Началась война. Машину забрал военкомат, меня сократили. Устроился на дезостанцию, работал на грузовой и санитарной машинах. Призывался в армию, но оставили до особого распоряжения.
После ареста матери меня выселили из небольшой бывшей кухни бывшего хозяина этого дома, где мы жили с матерью. Дали мне холодную, темную комнату – бывший склад.
Паспорт получил в 17 лет, в 1-м отделении милиции. Через некоторое время меня вызвали в НКВД, паспорт забрали. Сказали, что паспорт выдан ошибочно, что я не имею право на советский паспорт. Надо принять советское гражданство.

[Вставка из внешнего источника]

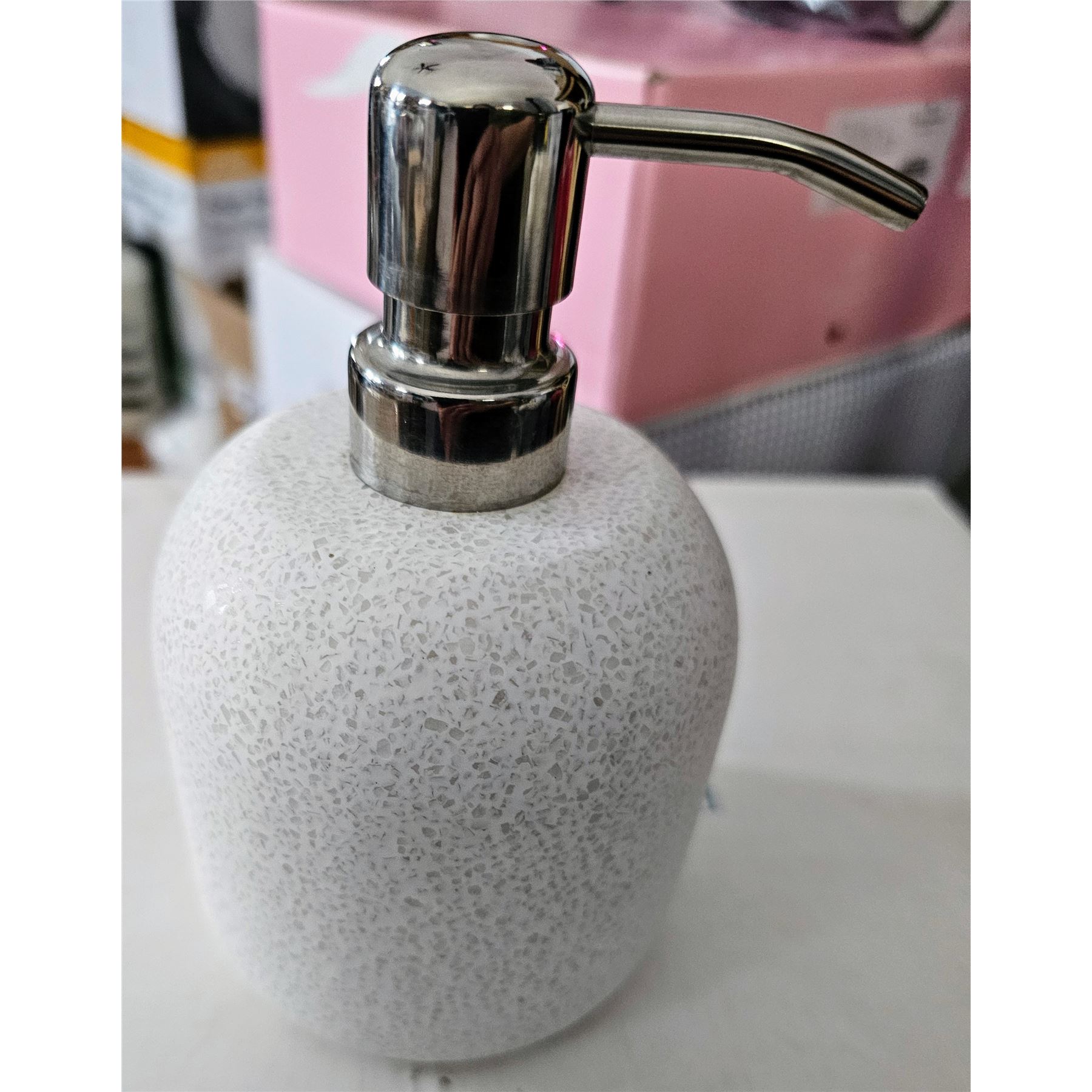 Ceramic liquid soap dispenser, stylish speckled design, new.

– Как же так, мать – советская гражданка, имеет советский паспорт, я записан вы ее паспорте, с шести лет живу в Сибири.
– Не задавай вопросы, вот тебе три анкеты, заполни на трех рекомендующих лиц, желательно коммунистов.
Анкеты я вернул. Ручаться за меня желающих не было. Дали срок десять суток, чтобы я выехал из Иркутска не меньше как за сто километров. Я не выехал.
– Еще пять суток не уедешь, посадим.
Подумал, за что меня садить, вины за мной нет. Оставили, но дали документ «Вид на жительство в СССР для лиц без гражданства», ходил на отметку в НКВД.
После ареста матери в течении года меня четыре раза арестовывали. Были расспросы в виде допросов, иногда угрозы. Играл в клубе ЦЭС на вечере танцев, к концу вечера приезжали, увозили в НКВД. Рано утром отпускали. Два раза забирали из дома.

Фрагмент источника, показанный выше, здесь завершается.